If the target cluster uses HTTPS or authentication, update the elasticsearch output block to match the real connection settings instead of leaving the plain HTTP placeholder.
- Test the updated pipeline configuration with the packaged settings directory.
$ sudo -u logstash /usr/share/logstash/bin/logstash --path.settings /etc/logstash --path.data /tmp/logstash-configtest --config.test_and_exit Using bundled JDK: /usr/share/logstash/jdk [2026-04-07T08:25:27,088][INFO ][logstash.runner ] Starting Logstash {"logstash.version"=>"9.3.2", "jruby.version"=>"jruby 9.4.13.0 (3.1.4) 2025-06-10 9938a3461f OpenJDK 64-Bit Server VM 21.0.10+7-LTS on 21.0.10+7-LTS +indy +jit"} Configuration OK [2026-04-07T08:25:32,961][INFO ][logstash.runner ] Using config.test_and_exit mode. Config Validation Result: OK. Exiting LogstashThe temporary --path.data directory must be writable by the logstash user. This validation proves that the pipeline syntax and plugin settings compile, but it does not prove Elasticsearch connectivity or index privileges.

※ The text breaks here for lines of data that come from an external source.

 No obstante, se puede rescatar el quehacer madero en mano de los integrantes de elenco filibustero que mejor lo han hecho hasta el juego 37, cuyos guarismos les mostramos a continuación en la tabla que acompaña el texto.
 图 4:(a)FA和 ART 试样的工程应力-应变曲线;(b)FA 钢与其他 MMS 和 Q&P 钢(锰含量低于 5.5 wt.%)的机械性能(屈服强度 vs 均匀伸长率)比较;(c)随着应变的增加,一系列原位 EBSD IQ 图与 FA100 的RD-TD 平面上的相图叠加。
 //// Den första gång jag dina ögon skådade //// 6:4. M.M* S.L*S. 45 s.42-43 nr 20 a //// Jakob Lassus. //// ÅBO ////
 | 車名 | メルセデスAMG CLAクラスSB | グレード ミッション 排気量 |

Current Logstash releases block superuser runs unless allow_superuser is enabled, so run this test as the logstash service account instead of plain root.

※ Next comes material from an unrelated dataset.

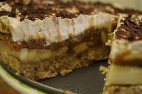 To assemble the pie, layer the sliced banana over the crust. Then spread the caramel evenly over the bananas. Gently spread the coconut cream over the top and dust with some cocoa powder. Refrigerate for at least two hours before serving.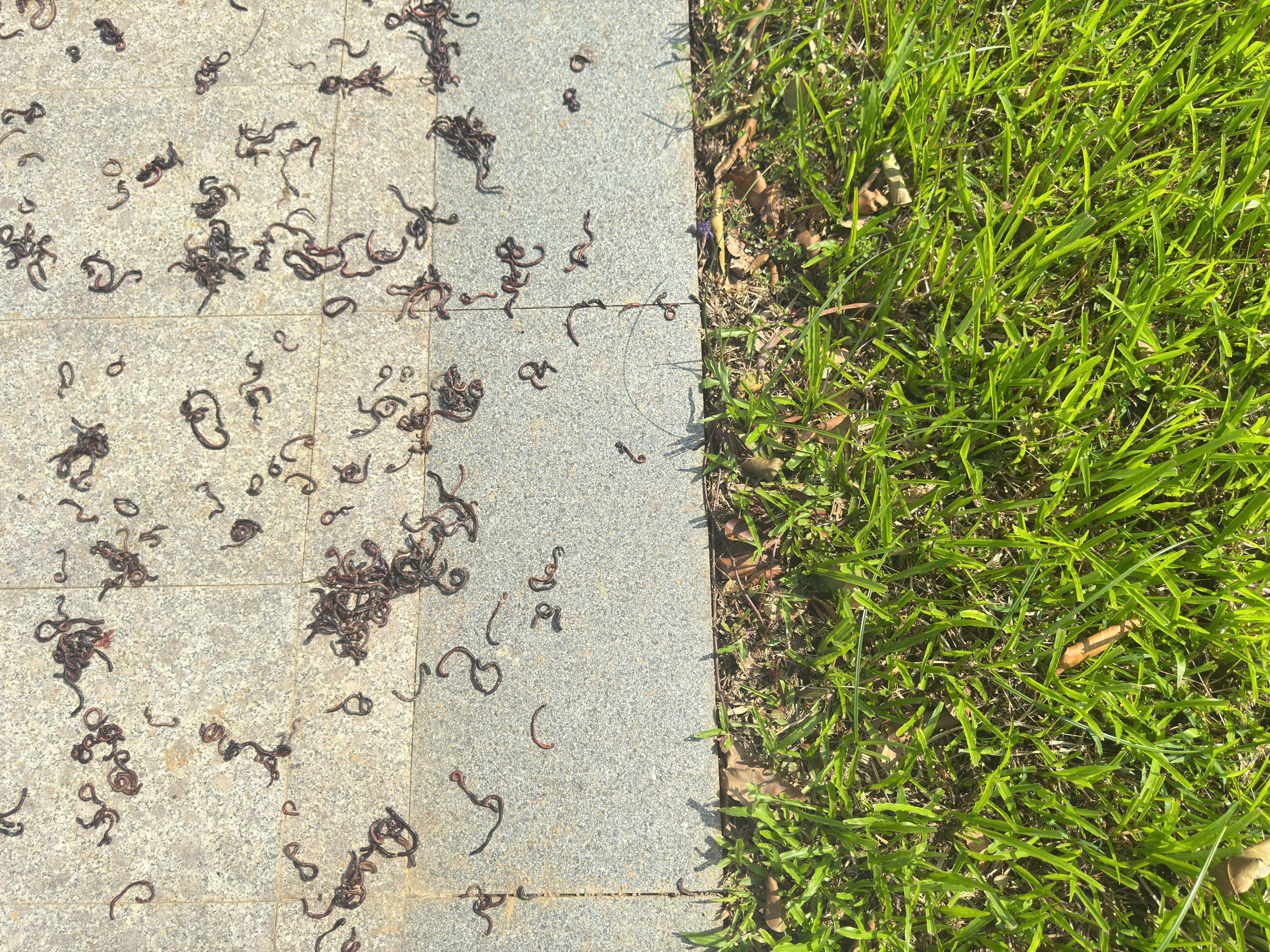 Giun đất từ bãi cỏ bò lên nền gạch, vài con chết khô

- Restart the Logstash service so it loads the updated pipeline.
$ sudo systemctl restart logstash
Restarting Logstash briefly pauses every active pipeline while inputs reopen, filters recompile, and outputs reconnect.
- Append a fresh JSON event to the sample file so the running pipeline has new content to process.
$ printf '{"service":{"name":" Checkout-API "},"bytes":"1234","environment":"PROD","source_host":"app01"}\n' | sudo tee -a /var/lib/logstash/examples/mutate.log >/dev/nullAppending a new line is safer than depending on start_position alone because the dedicated sincedb file remembers what earlier runs already consumed.
- Query the Logstash monitoring API and confirm both named mutate filters handled the event.
$ curl --silent --show-error "http://localhost:9600/_node/stats/pipelines/main?pretty=true&filter_path=pipelines.main.plugins.filters.id,pipelines.main.plugins.filters.name,pipelines.main.plugins.filters.events" { "pipelines" : { "main" : { "plugins" : { "filters" : [ { "id" : "mutate_normalize_fields", "name" : "mutate", "events" : { "in" : 1, "out" : 1 } }, { "id" : "mutate_enrich_fields", "name" : "mutate", "events" : { "in" : 1, "out" : 1 } } ] } } } }If the monitoring API is protected with TLS or basic authentication, adjust the URL and credentials to match the local logstash.yml settings.
- Fetch a recent document from the destination index and confirm the fields were normalized.
$ curl -s -G "http://elasticsearch.example.net:9200/app-mutate-*/_search" \ --data-urlencode "size=1" \ --data-urlencode "sort=@timestamp:desc" \ --data-urlencode "filter_path=hits.hits._index,hits.hits._source.service,hits.hits._source.host,hits.hits._source.bytes" \ --data-urlencode "pretty" { "hits" : { "hits" : [ { "_index" : "app-mutate-2026.04.08", "_source" : { "service" : { "name" : "Checkout-API", "environment" : "prod" }, "host" : { "name" : "app01" }, "bytes" : 1234 } } ] } }If the document still shows bytes as a string or misses the renamed field, an existing index mapping or an earlier filter stage is still overriding the event shape.
- Search the destination index for mutate failure tags after the rollout.
$ curl -s -G "http://elasticsearch.example.net:9200/app-mutate-*/_search" \ --data-urlencode "q=tags:_mutate_error" \ --data-urlencode "size=0" \ --data-urlencode "filter_path=hits.total" \ --data-urlencode "pretty" { "hits" : { "total" : { "value" : 0, "relation" : "eq" } } }A non-zero count means one of the mutate operations failed and the rest of that mutate block stopped for those events. Inspect the event payload and the filter order before retrying.